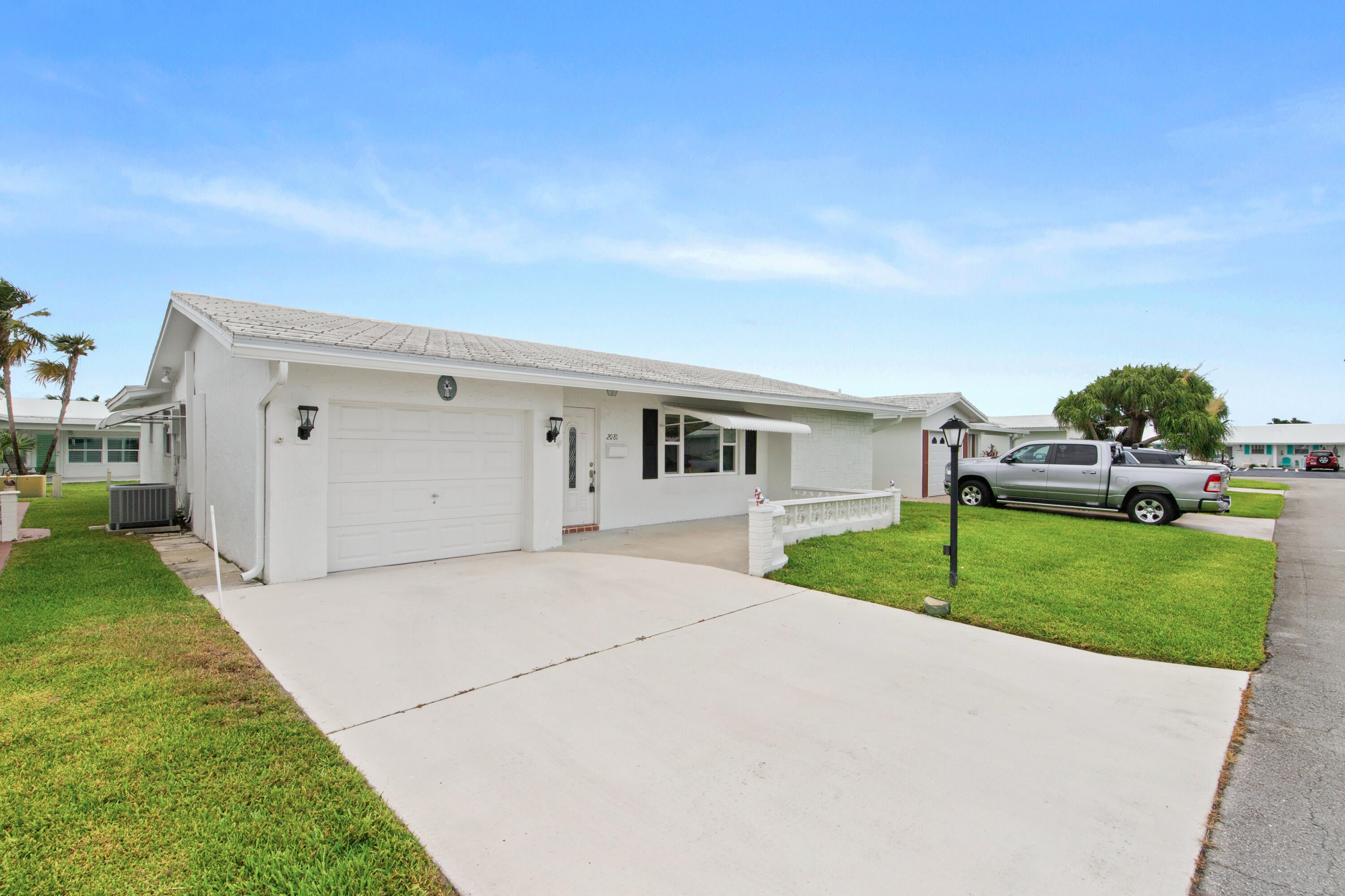 Nestled within 55+ Palm Beach Leisureville, this updated Challenger model offers 2 master ensuites with walk in closets and updated bathrooms. The kitchen has granite counters and custom cabinets, tile floors throughout. Impact slider door leads out to a large patio and backyard. The spacious living area provides ample room for relaxation or entertainment. The community offers a wealth of amenities tailored for an active and social lifestyle including 3 heated pools with club houses, hot tub, fitness center. FREE 18-hole golf course. Close to shopping, dining, beaches, seaside recreation and Palm Beach International Airport. Schedule a viewing today and discover the endless possibilities awaiting you in this charming community!
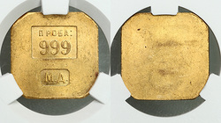 Редкий. Ленинградский монетный двор. Золото, 10,05 г. Федорин VI, Приложение, С. 495, 1. В слабе CPRC MS63. Наряду с производством монет на Ленинградском Монетном Дворе в 1925 году были отчеканены специальные золотые торговые восьмигранные слитки 999-й пробы с литерами «М Д». Предназначались они для реализации населению в период перехода к осуществлению новой экономической политики — НЭПу. Таких слитков было выпущено немногим более 150 тысяч штук. По весовой категории слитки подразделялись на три вида — 5 г, 10 г и 50 г.
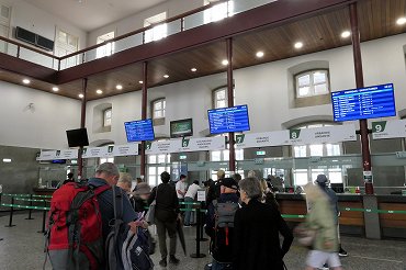 コインブラの長距離列車発着駅はコインブラB駅といって町はずれにあり、コインブラB駅から街の中心のコインブラA駅へ無料バスで到着。(2025年9月7日 コインブラA駅) 2025年10月記 |
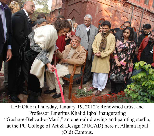 LAHORE: (Thursday, January 19, 2012): The inaugural ceremony of “Gosha-e-Behzad-o-Mani,” an open-air drawing and painting studio, was held at the Punjab University College of Art & Design (PUCAD) here at Allama Iqbal (Old) Campus. Renowned artist, father-figure of Pakistan art and Professor Emeritus Khalid Iqbal inaugurated the studio. PU Vice-Chancellor Prof Dr Mujahid Kamran, College Principal Prof Dr Rahat Naveed Masud, Principal College of Information Technology Prof Dr Syed Mansoor Sarwar, faculty members, renowned artists including Zulqarnain Haider, Zarah David, Nazish Ata Ullah, Jameela Zaidi, Dr Mussarrat Hassan, Sania Dar, Faryal Saigol, Quddus Mirza and a large number of art-lovers were also present on the occasion. Addressing the ceremony, VC Dr Mujahid Kamran commented the place as a valid contribution to the Architectural splendor the Punjab University. An Exhibition in memory of Anwar Afzal a pioneer teacher of the College, who passed away in December 2011, was also inaugurated at the occasion. The guests were also given calendars and Diaries of 2012 as a token of remembrance. Tweet Follow @pu_lhr_official |
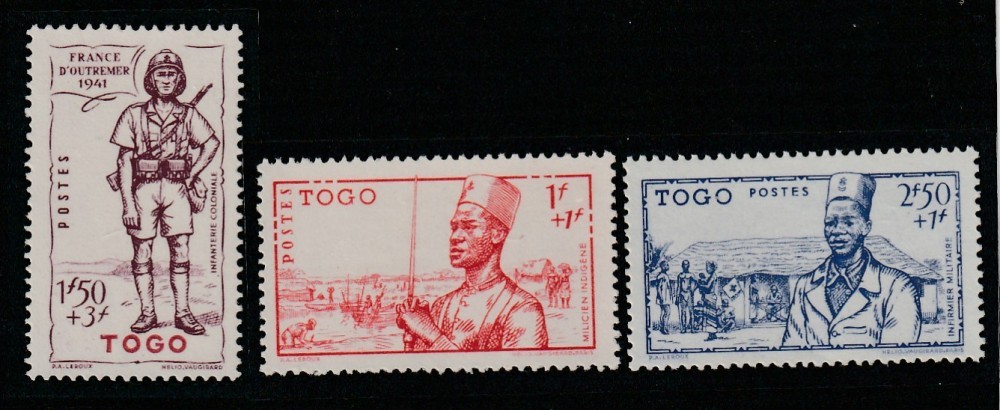 Togo , Colonii franceze 1941 - Omnibuse , Apararea tarii , serie 3 valori, dantelate , MNH , Mi.156-158
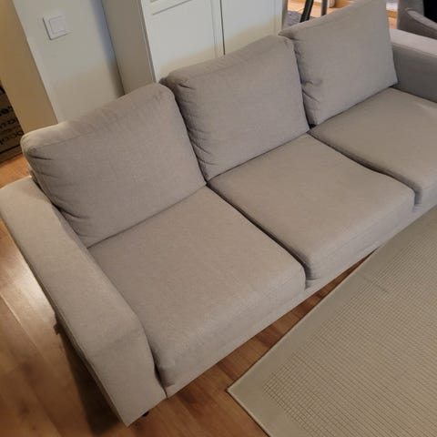 Käytetty 3 istuttava sohvassa vaalean beigen värisellä irtopäällisellä.
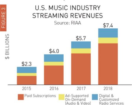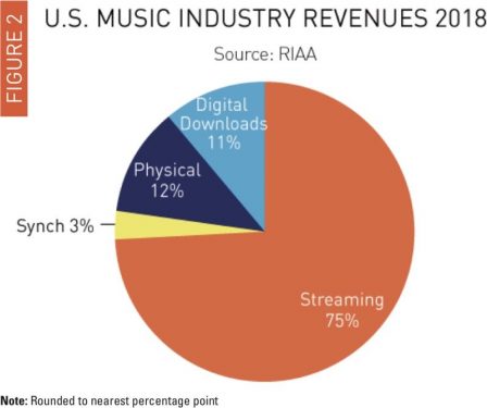 D’après les chiffres de la RIAA, 75 % des revenus de l’industrie de la musique proviennent des services de streaming comme Apple Music, Spotify, Google Play Music et plusieurs autres. Les revenus provenant des services de streaming ont augmenté de 30 % par rapport à 2017, pour atteindre un chiffre de 7,4 milliards de dollars en 2018.
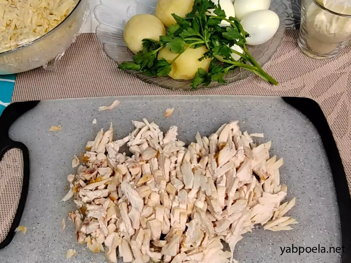 2-й слой (Мясной): Выложите нарезанную копченую курицу. Разровняйте. Смажьте майонезом.
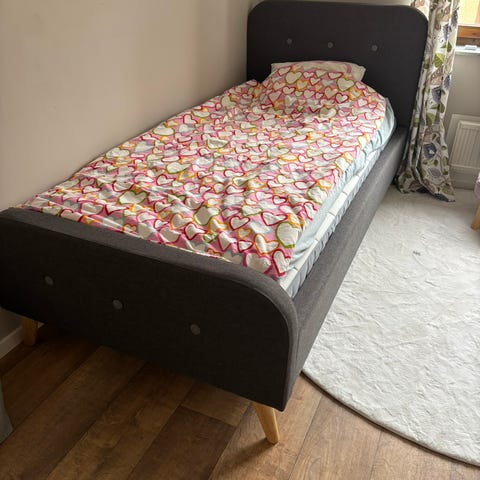 Sängramen är från Jysk och madrassen från IKEA.
● ● ● ● ●
> **Aim of the task**
Exactly as given, set down each line of the material, but include no pictures.

> **Exercise solution**
 Nestled within 55+ Palm Beach Leisureville, this updated Challenger model offers 2 master ensuites with walk in closets and updated bathrooms. The kitchen has granite counters and custom cabinets, tile floors throughout. Impact slider door leads out to a large patio and backyard. The spacious living area provides ample room for relaxation or entertainment. The community offers a wealth of amenities tailored for an active and social lifestyle including 3 heated pools with club houses, hot tub, fitness center. FREE 18-hole golf course. Close to shopping, dining, beaches, seaside recreation and Palm Beach International Airport. Schedule a viewing today and discover the endless possibilities awaiting you in this charming community!
 Редкий. Ленинградский монетный двор. Золото, 10,05 г. Федорин VI, Приложение, С. 495, 1. В слабе CPRC MS63. Наряду с производством монет на Ленинградском Монетном Дворе в 1925 году были отчеканены специальные золотые торговые восьмигранные слитки 999-й пробы с литерами «М Д». Предназначались они для реализации населению в период перехода к осуществлению новой экономической политики — НЭПу. Таких слитков было выпущено немногим более 150 тысяч штук. По весовой категории слитки подразделялись на три вида — 5 г, 10 г и 50 г.
 コインブラの長距離列車発着駅はコインブラB駅といって町はずれにあり、コインブラB駅から街の中心のコインブラA駅へ無料バスで到着。(2025年9月7日 コインブラA駅) 2025年10月記 |
 LAHORE: (Thursday, January 19, 2012): The inaugural ceremony of “Gosha-e-Behzad-o-Mani,” an open-air drawing and painting studio, was held at the Punjab University College of Art & Design (PUCAD) here at Allama Iqbal (Old) Campus. Renowned artist, father-figure of Pakistan art and Professor Emeritus Khalid Iqbal inaugurated the studio. PU Vice-Chancellor Prof Dr Mujahid Kamran, College Principal Prof Dr Rahat Naveed Masud, Principal College of Information Technology Prof Dr Syed Mansoor Sarwar, faculty members, renowned artists including Zulqarnain Haider, Zarah David, Nazish Ata Ullah, Jameela Zaidi, Dr Mussarrat Hassan, Sania Dar, Faryal Saigol, Quddus Mirza and a large number of art-lovers were also present on the occasion. Addressing the ceremony, VC Dr Mujahid Kamran commented the place as a valid contribution to the Architectural splendor the Punjab University. An Exhibition in memory of Anwar Afzal a pioneer teacher of the College, who passed away in December 2011, was also inaugurated at the occasion. The guests were also given calendars and Diaries of 2012 as a token of remembrance. Tweet Follow @pu_lhr_official |
 Togo , Colonii franceze 1941 - Omnibuse , Apararea tarii , serie 3 valori, dantelate , MNH , Mi.156-158
 Käytetty 3 istuttava sohvassa vaalean beigen värisellä irtopäällisellä.
 D’après les chiffres de la RIAA, 75 % des revenus de l’industrie de la musique proviennent des services de streaming comme Apple Music, Spotify, Google Play Music et plusieurs autres. Les revenus provenant des services de streaming ont augmenté de 30 % par rapport à 2017, pour atteindre un chiffre de 7,4 milliards de dollars en 2018.
 2-й слой (Мясной): Выложите нарезанную копченую курицу. Разровняйте. Смажьте майонезом.
 Sängramen är från Jysk och madrassen från IKEA.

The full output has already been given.